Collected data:
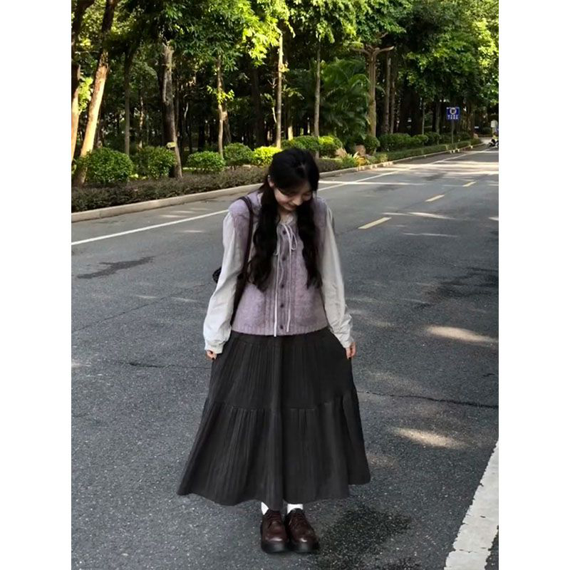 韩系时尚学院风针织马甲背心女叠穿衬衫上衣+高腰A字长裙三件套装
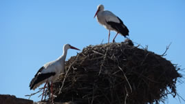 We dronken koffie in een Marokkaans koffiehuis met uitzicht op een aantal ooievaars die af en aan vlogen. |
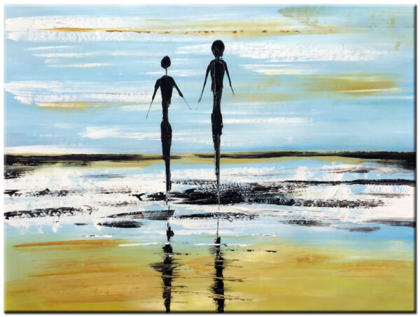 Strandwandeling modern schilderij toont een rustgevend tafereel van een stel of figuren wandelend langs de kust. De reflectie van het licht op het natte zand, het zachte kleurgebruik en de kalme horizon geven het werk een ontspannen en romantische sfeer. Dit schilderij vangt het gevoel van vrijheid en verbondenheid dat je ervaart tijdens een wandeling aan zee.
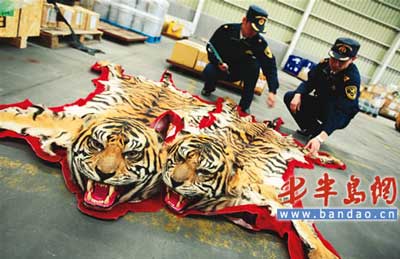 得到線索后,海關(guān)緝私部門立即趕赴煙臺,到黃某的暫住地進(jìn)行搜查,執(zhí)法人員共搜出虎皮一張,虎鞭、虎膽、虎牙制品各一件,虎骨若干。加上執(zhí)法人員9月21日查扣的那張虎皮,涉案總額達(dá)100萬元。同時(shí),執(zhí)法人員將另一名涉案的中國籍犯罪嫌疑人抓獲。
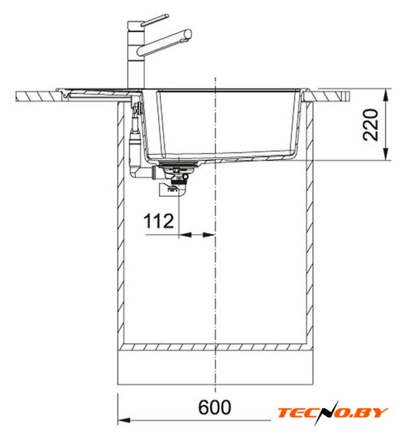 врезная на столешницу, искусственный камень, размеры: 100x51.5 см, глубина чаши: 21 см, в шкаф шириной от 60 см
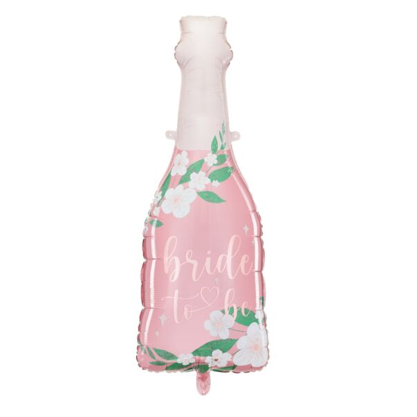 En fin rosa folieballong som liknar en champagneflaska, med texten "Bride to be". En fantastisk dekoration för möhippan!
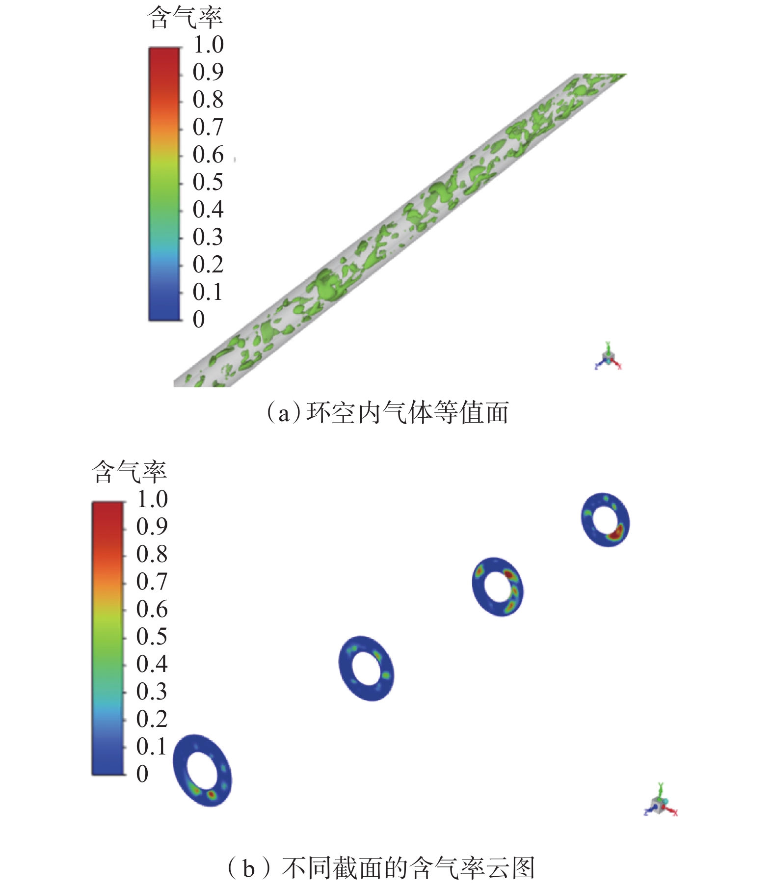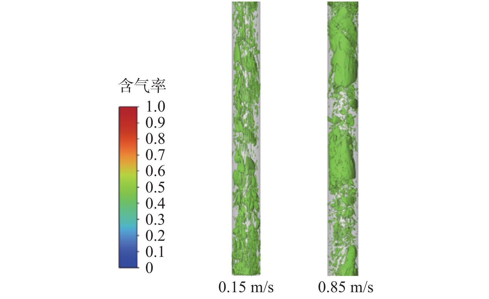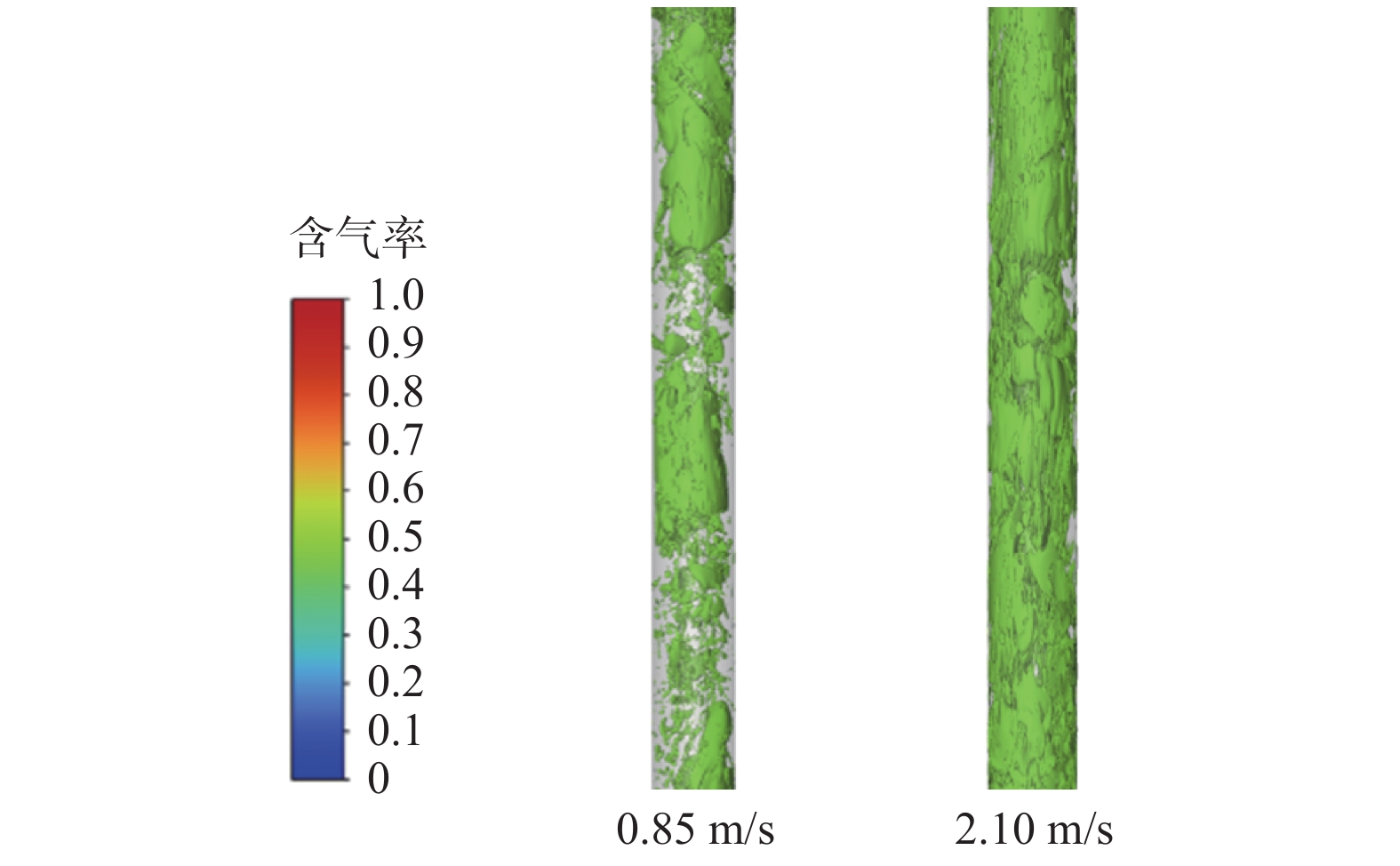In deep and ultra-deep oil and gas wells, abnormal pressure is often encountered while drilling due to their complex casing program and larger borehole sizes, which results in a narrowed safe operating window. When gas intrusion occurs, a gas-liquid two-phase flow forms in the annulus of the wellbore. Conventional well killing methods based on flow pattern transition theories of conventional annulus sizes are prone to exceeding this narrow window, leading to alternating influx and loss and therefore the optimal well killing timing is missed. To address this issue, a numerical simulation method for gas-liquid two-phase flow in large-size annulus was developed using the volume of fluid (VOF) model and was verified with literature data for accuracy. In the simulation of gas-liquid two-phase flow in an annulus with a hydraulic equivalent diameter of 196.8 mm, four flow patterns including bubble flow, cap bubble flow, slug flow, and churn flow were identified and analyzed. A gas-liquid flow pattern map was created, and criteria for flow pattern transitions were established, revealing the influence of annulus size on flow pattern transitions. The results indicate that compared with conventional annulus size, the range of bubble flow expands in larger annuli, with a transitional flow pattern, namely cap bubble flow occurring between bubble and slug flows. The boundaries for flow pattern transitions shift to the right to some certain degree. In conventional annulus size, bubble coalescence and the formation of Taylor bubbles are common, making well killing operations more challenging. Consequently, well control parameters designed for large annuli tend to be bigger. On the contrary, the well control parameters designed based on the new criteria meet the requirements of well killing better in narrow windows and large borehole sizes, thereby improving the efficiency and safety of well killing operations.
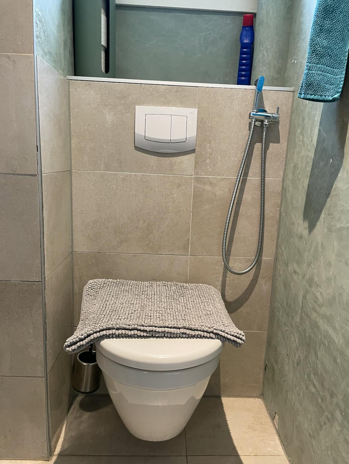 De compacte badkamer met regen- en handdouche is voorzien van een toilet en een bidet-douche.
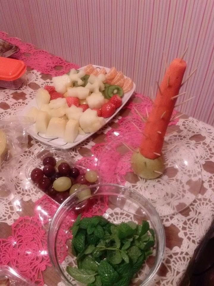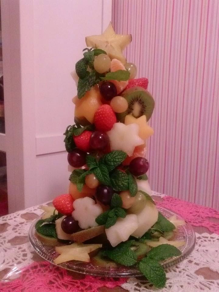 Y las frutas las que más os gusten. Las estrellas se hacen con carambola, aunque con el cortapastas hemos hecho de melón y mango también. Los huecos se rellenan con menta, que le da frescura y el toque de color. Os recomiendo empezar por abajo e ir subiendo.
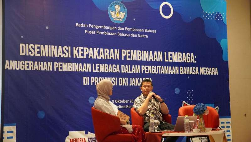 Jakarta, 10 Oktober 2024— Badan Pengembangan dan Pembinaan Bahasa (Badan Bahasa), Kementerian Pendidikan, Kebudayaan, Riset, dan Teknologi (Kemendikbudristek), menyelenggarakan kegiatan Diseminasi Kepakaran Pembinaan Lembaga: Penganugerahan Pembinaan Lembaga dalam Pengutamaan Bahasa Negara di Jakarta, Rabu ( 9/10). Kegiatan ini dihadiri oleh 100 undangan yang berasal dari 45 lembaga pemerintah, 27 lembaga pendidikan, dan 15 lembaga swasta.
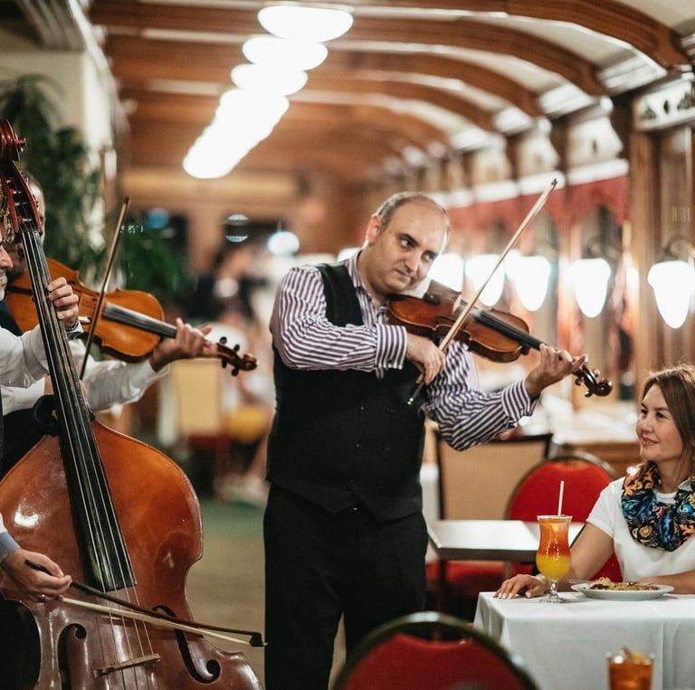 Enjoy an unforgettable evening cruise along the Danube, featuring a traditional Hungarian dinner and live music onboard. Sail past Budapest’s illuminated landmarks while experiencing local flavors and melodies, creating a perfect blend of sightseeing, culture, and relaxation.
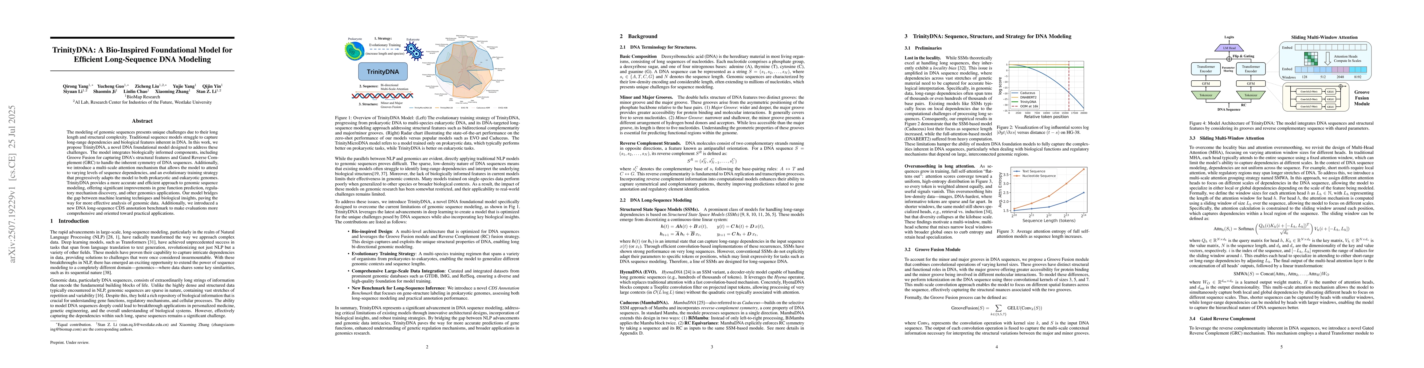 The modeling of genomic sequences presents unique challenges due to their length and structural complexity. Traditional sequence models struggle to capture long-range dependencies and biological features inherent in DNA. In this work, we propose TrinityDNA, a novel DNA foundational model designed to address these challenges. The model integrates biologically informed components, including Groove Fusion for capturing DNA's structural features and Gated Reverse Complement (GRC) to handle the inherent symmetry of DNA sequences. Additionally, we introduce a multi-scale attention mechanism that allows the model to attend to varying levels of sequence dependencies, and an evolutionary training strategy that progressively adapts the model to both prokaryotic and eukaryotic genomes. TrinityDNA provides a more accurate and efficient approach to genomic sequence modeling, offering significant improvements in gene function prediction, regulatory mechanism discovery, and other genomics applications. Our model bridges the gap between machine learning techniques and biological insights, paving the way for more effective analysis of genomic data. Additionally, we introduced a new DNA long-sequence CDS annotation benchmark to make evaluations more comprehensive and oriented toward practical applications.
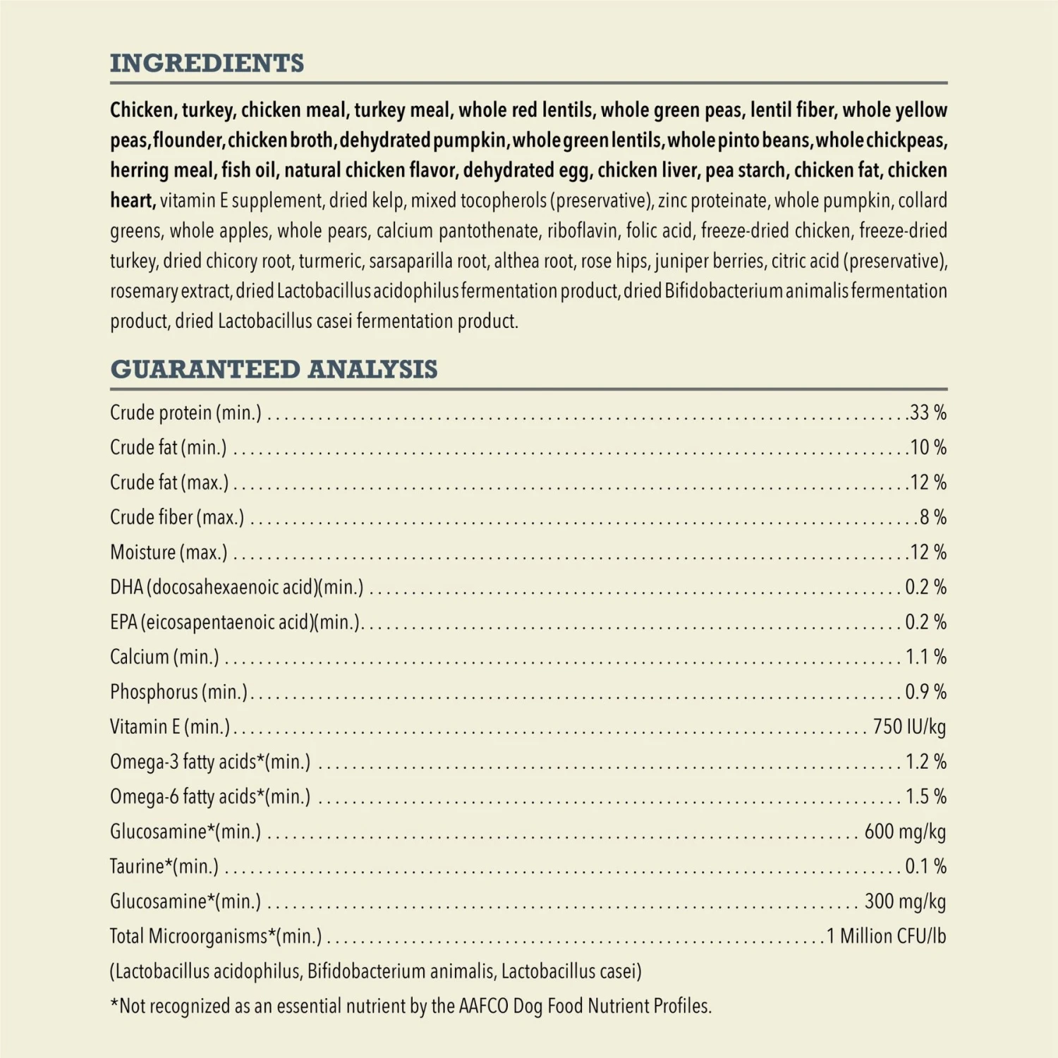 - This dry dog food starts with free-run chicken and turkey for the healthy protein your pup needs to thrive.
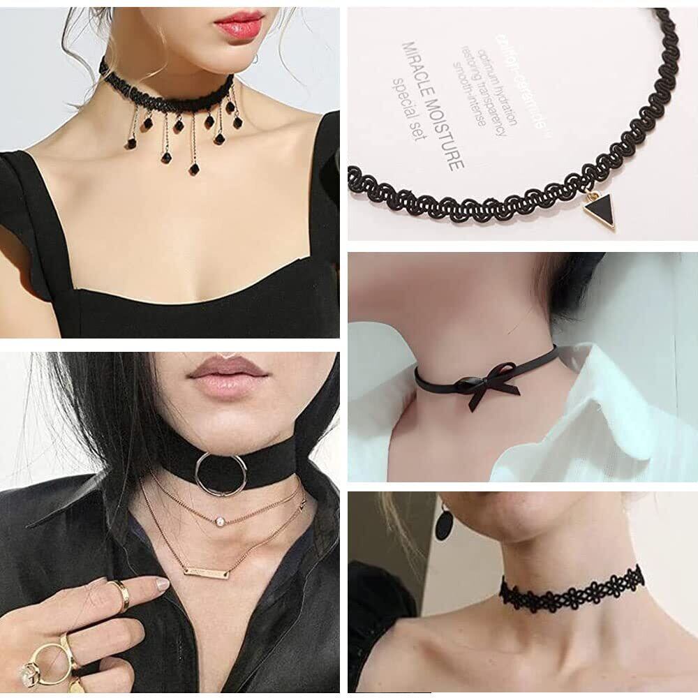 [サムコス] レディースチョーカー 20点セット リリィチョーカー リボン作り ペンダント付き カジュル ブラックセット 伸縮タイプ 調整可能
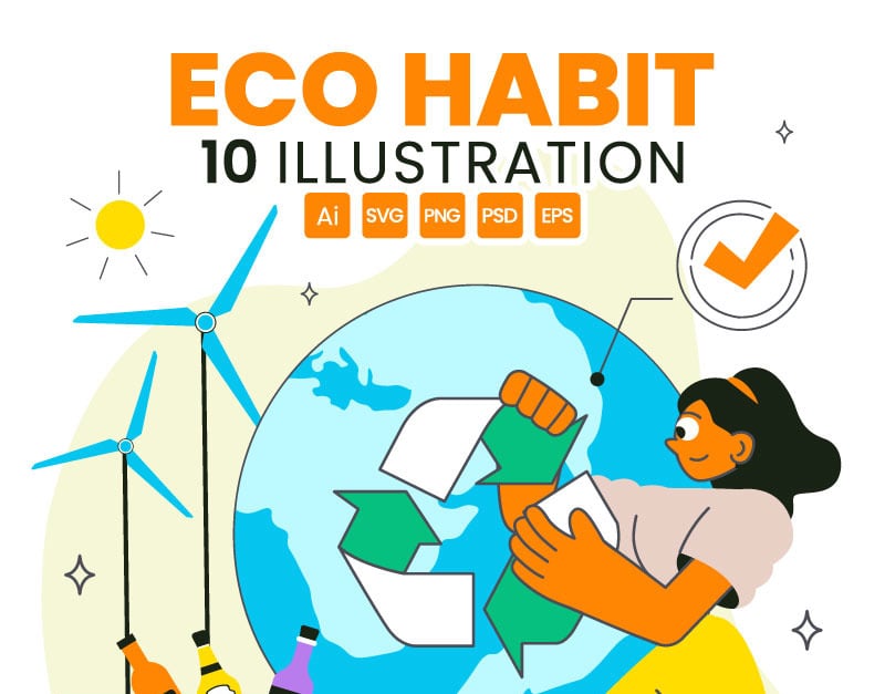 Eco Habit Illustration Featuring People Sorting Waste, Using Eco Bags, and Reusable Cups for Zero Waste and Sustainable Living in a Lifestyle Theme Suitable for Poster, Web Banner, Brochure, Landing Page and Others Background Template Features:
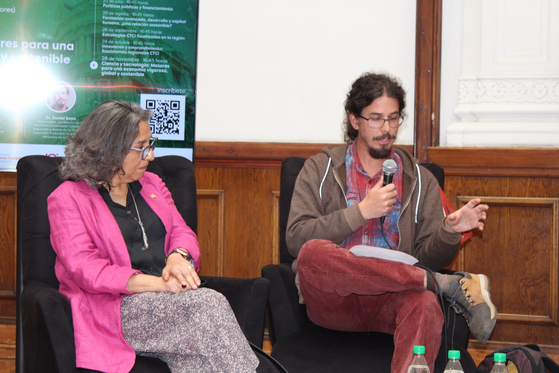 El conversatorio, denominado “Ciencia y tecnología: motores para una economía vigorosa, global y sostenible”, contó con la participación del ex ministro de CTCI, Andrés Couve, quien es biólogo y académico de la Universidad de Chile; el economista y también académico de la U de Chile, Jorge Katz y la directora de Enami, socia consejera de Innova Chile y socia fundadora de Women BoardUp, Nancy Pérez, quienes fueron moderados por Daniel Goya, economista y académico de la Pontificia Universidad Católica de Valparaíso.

Exercise objective: Nothing but the lines above from the line with "Strandwandeling modern schilderij" up to and including the line with "врезная на столешницу, искусственный" should be returned, exactly as written and without pictures.

Response for this exercise:
 Strandwandeling modern schilderij toont een rustgevend tafereel van een stel of figuren wandelend langs de kust. De reflectie van het licht op het natte zand, het zachte kleurgebruik en de kalme horizon geven het werk een ontspannen en romantische sfeer. Dit schilderij vangt het gevoel van vrijheid en verbondenheid dat je ervaart tijdens een wandeling aan zee.
 得到線索后,海關(guān)緝私部門立即趕赴煙臺,到黃某的暫住地進(jìn)行搜查,執(zhí)法人員共搜出虎皮一張,虎鞭、虎膽、虎牙制品各一件,虎骨若干。加上執(zhí)法人員9月21日查扣的那張虎皮,涉案總額達(dá)100萬元。同時(shí),執(zhí)法人員將另一名涉案的中國籍犯罪嫌疑人抓獲。
 врезная на столешницу, искусственный камень, размеры: 100x51.5 см, глубина чаши: 21 см, в шкаф шириной от 60 см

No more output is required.